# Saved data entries
*** Block opens ***

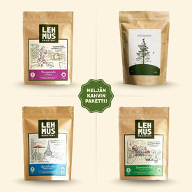 Lehmus Roastery is a coffee roastery established in 2016. Our goal is to offer high-quality coffee for every taste. You can order each of our coffee varieties either as filter coffee or as whole beans in packages ranging from 220 g to 1000 g. Alternatively, you can easily explore all our varieties through Maistelupakki, our very own tasting pack.
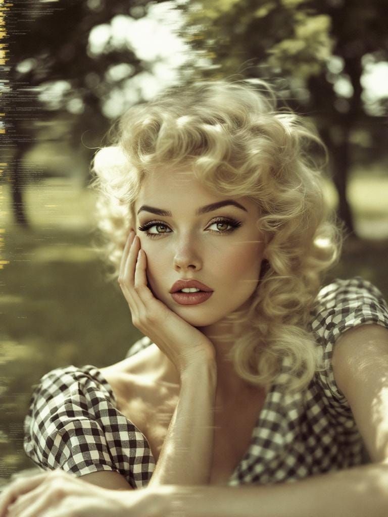 A striking picture of a 1950s-style pin-up woman in a park, distorted by glitch art. The image blends photographic composition with fragmented typography and digital distortion.
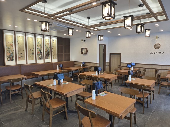 본우리반상 충주점은 자가용 이용 고객이 많은 지역 특성을 반영해, 관공서 인근의 우수한 접근성은 물론 주차가 편리한 넉넉한 공간과 합리적인 임대료 조건까지 두루 갖춘 최적의 입지로 출점이 결정됐다. 기존 도심 매장과는 차별화된 넓은 공간 및 구성으로 고객들이 여유롭고 편안한 분위기 속에서 정통 한식의 맛과 멋을 동시에 경험할 수 있도록 설계했다.
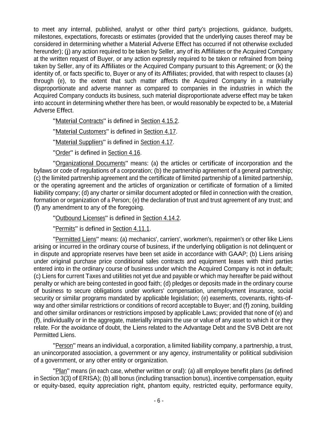 - 6 - to meet any internal, published, analyst or other third party's projections, guidance, budgets, milestones, expectations, forecasts or estimates (provided that the underlying causes thereof may be considered in determining whether a Material Adverse Effect has occurred if not otherwise excluded hereunder); (j) any action required to be taken by Seller, any of its Affiliates or the Acquired Company at the written request of Buyer, or any action expressly required to be taken or refrained from being taken by Seller, any of its Affiliates or the Acquired Company pursuant to this Agreement; or (k) the identity of, or facts specific to, Buyer or any of its Affiliates; provided, that with respect to clauses (a) through (e), to the extent that such matter affects the Acquired Company in a materially disproportionate and adverse manner as compared to companies in the industries in which the Acquired Company conducts its business, such material disproportionate adverse effect may be taken into account in determining whether there has been, or would reasonably be expected to be, a Material Adverse Effect. "Material Contracts" is defined in Section 4.15.2. "Material Customers" is defined in Section 4.17. "Material Suppliers" is defined in Section 4.17. "Order" is defined in Section 4.16. "Organizational Documents" means: (a) the articles or certificate of incorporation and the bylaws or code of regulations of a corporation; (b) the partnership agreement of a general partnership; (c) the limited partnership agreement and the certificate of limited partnership of a limited partnership, or the operating agreement and the articles of organization or certificate of formation of a limited liability company; (d) any charter or similar document adopted or filed in connection with the creation, formation or organization of a Person; (e) the declaration of trust and trust agreement of any trust; and (f) any amendment to any of the foregoing. "Outbound Licenses" is defined in Section 4.14.2. "Permits" is defined in Section 4.11.1. "Permitted Liens" means: (a) mechanics', carriers', workmen's, repairmen's or other like Liens arising or incurred in the ordinary course of business, if the underlying obligation is not delinquent or in dispute and appropriate reserves have been set aside in accordance with GAAP; (b) Liens arising under original purchase price conditional sales contracts and equipment leases with third parties entered into in the ordinary course of business under which the Acquired Company is not in default; (c) Liens for current Taxes and utilities not yet due and payable or which may hereafter be paid without penalty or which are being contested in good faith; (d) pledges or deposits made in the ordinary course of business to secure obligations under workers' compensation, unemployment insurance, social security or similar programs mandated by applicable legislation; (e) easements, covenants, rights-of- way and other similar restrictions or conditions of record acceptable to Buyer; and (f) zoning, building and other similar ordinances or restrictions imposed by applicable Laws; provided that none of (e) and (f), individually or in the aggregate, materially impairs the use or value of any asset to which it or they relate. For the avoidance of doubt, the Liens related to the Advantage Debt and the SVB Debt are not Permitted Liens. "Person" means an individual, a corporation, a limited liability company, a partnership, a trust, an unincorporated association, a government or any agency, instrumentality or political subdivision of a government, or any other entity or organization. "Plan" means (in each case, whether written or oral): (a) all employee benefit plans (as defined in Section 3(3) of ERISA); (b) all bonus (including transaction bonus), incentive compensation, equity or equity-based, equity appreciation right, phantom equity, restricted equity, performance equity,
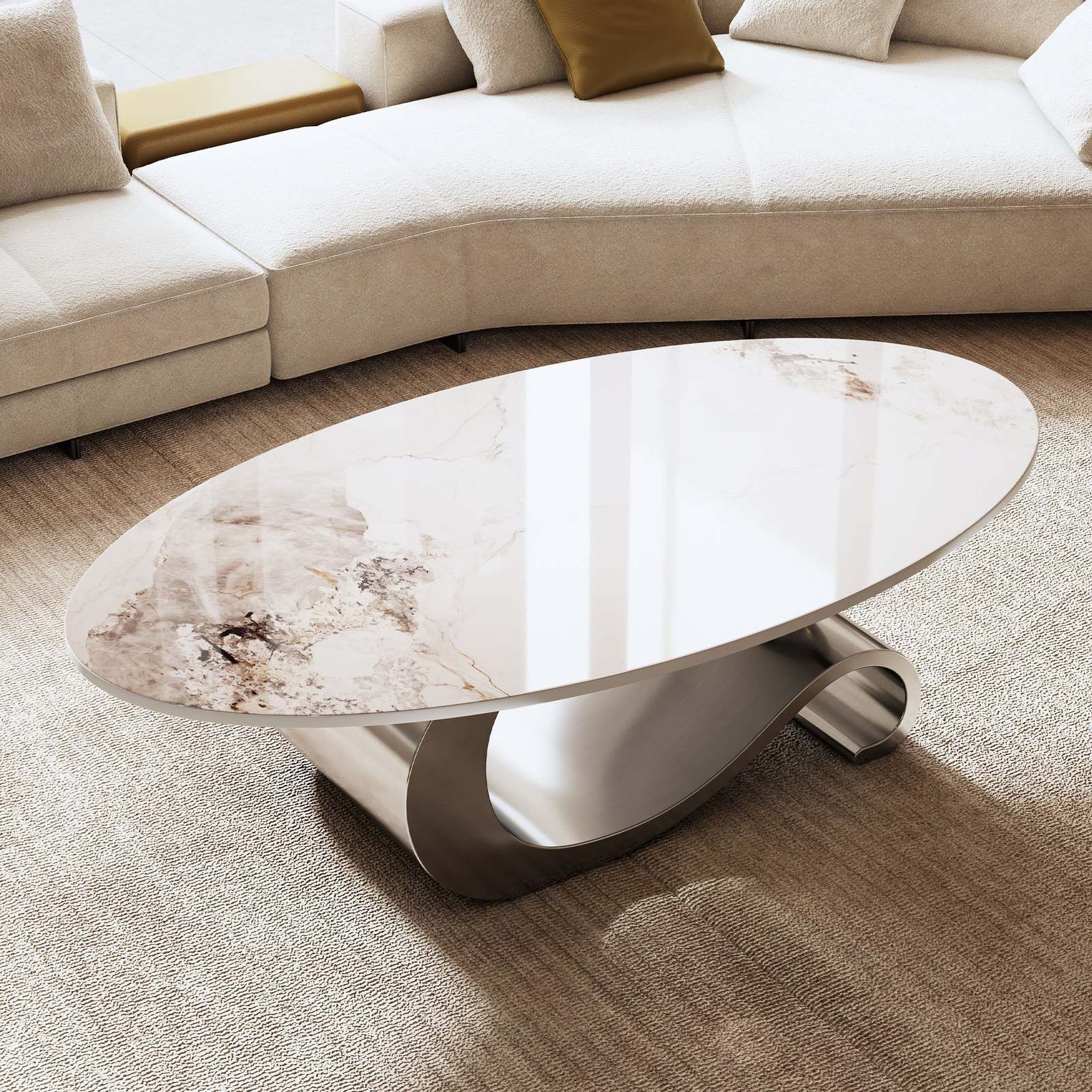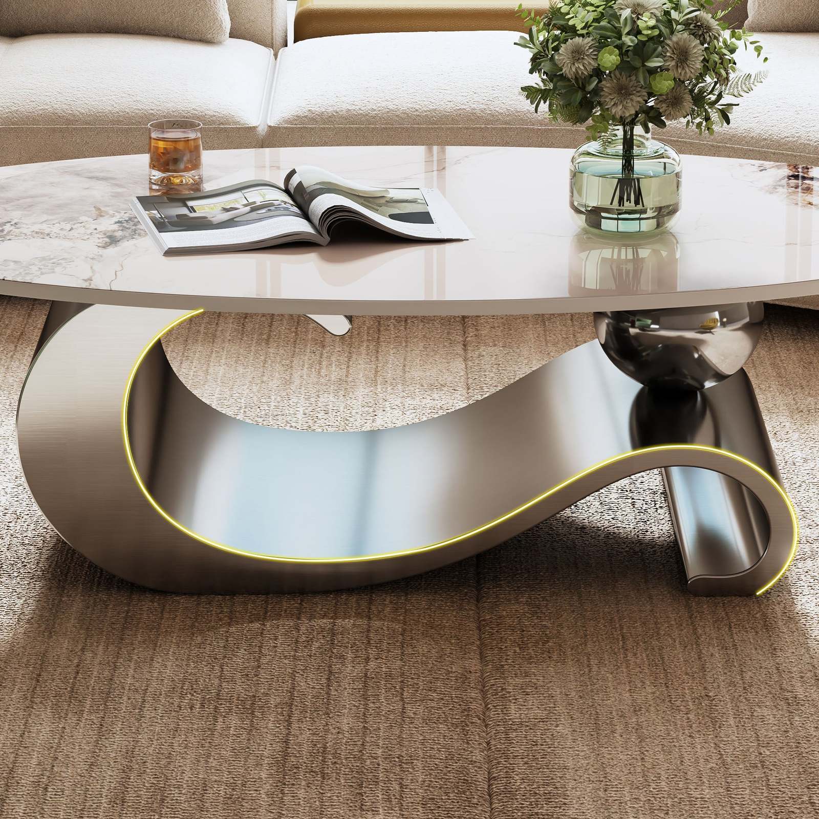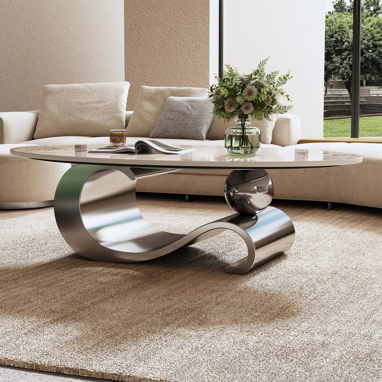 Add a touch of modern luxury to your living room with this stunning oval faux marble coffee table. Featuring a novel-pattern sintered stone top and a unique gold stainless steel sculptural base, it offers both durability and high-end design. Ideal for contemporary homes seeking an elegant centerpiece that is easy to clean and built to last. Perfect for living rooms over 15?, and pairs best with sofas of seat height 17?19 inches.

*** Block closes ***

# Your assignment
Could the data above be returned in full, exactly, with every image left out?

# Exercise output
 Lehmus Roastery is a coffee roastery established in 2016. Our goal is to offer high-quality coffee for every taste. You can order each of our coffee varieties either as filter coffee or as whole beans in packages ranging from 220 g to 1000 g. Alternatively, you can easily explore all our varieties through Maistelupakki, our very own tasting pack.
 A striking picture of a 1950s-style pin-up woman in a park, distorted by glitch art. The image blends photographic composition with fragmented typography and digital distortion.
 본우리반상 충주점은 자가용 이용 고객이 많은 지역 특성을 반영해, 관공서 인근의 우수한 접근성은 물론 주차가 편리한 넉넉한 공간과 합리적인 임대료 조건까지 두루 갖춘 최적의 입지로 출점이 결정됐다. 기존 도심 매장과는 차별화된 넓은 공간 및 구성으로 고객들이 여유롭고 편안한 분위기 속에서 정통 한식의 맛과 멋을 동시에 경험할 수 있도록 설계했다.
 - 6 - to meet any internal, published, analyst or other third party's projections, guidance, budgets, milestones, expectations, forecasts or estimates (provided that the underlying causes thereof may be considered in determining whether a Material Adverse Effect has occurred if not otherwise excluded hereunder); (j) any action required to be taken by Seller, any of its Affiliates or the Acquired Company at the written request of Buyer, or any action expressly required to be taken or refrained from being taken by Seller, any of its Affiliates or the Acquired Company pursuant to this Agreement; or (k) the identity of, or facts specific to, Buyer or any of its Affiliates; provided, that with respect to clauses (a) through (e), to the extent that such matter affects the Acquired Company in a materially disproportionate and adverse manner as compared to companies in the industries in which the Acquired Company conducts its business, such material disproportionate adverse effect may be taken into account in determining whether there has been, or would reasonably be expected to be, a Material Adverse Effect. "Material Contracts" is defined in Section 4.15.2. "Material Customers" is defined in Section 4.17. "Material Suppliers" is defined in Section 4.17. "Order" is defined in Section 4.16. "Organizational Documents" means: (a) the articles or certificate of incorporation and the bylaws or code of regulations of a corporation; (b) the partnership agreement of a general partnership; (c) the limited partnership agreement and the certificate of limited partnership of a limited partnership, or the operating agreement and the articles of organization or certificate of formation of a limited liability company; (d) any charter or similar document adopted or filed in connection with the creation, formation or organization of a Person; (e) the declaration of trust and trust agreement of any trust; and (f) any amendment to any of the foregoing. "Outbound Licenses" is defined in Section 4.14.2. "Permits" is defined in Section 4.11.1. "Permitted Liens" means: (a) mechanics', carriers', workmen's, repairmen's or other like Liens arising or incurred in the ordinary course of business, if the underlying obligation is not delinquent or in dispute and appropriate reserves have been set aside in accordance with GAAP; (b) Liens arising under original purchase price conditional sales contracts and equipment leases with third parties entered into in the ordinary course of business under which the Acquired Company is not in default; (c) Liens for current Taxes and utilities not yet due and payable or which may hereafter be paid without penalty or which are being contested in good faith; (d) pledges or deposits made in the ordinary course of business to secure obligations under workers' compensation, unemployment insurance, social security or similar programs mandated by applicable legislation; (e) easements, covenants, rights-of- way and other similar restrictions or conditions of record acceptable to Buyer; and (f) zoning, building and other similar ordinances or restrictions imposed by applicable Laws; provided that none of (e) and (f), individually or in the aggregate, materially impairs the use or value of any asset to which it or they relate. For the avoidance of doubt, the Liens related to the Advantage Debt and the SVB Debt are not Permitted Liens. "Person" means an individual, a corporation, a limited liability company, a partnership, a trust, an unincorporated association, a government or any agency, instrumentality or political subdivision of a government, or any other entity or organization. "Plan" means (in each case, whether written or oral): (a) all employee benefit plans (as defined in Section 3(3) of ERISA); (b) all bonus (including transaction bonus), incentive compensation, equity or equity-based, equity appreciation right, phantom equity, restricted equity, performance equity,
 Add a touch of modern luxury to your living room with this stunning oval faux marble coffee table. Featuring a novel-pattern sintered stone top and a unique gold stainless steel sculptural base, it offers both durability and high-end design. Ideal for contemporary homes seeking an elegant centerpiece that is easy to clean and built to last. Perfect for living rooms over 15?, and pairs best with sofas of seat height 17?19 inches.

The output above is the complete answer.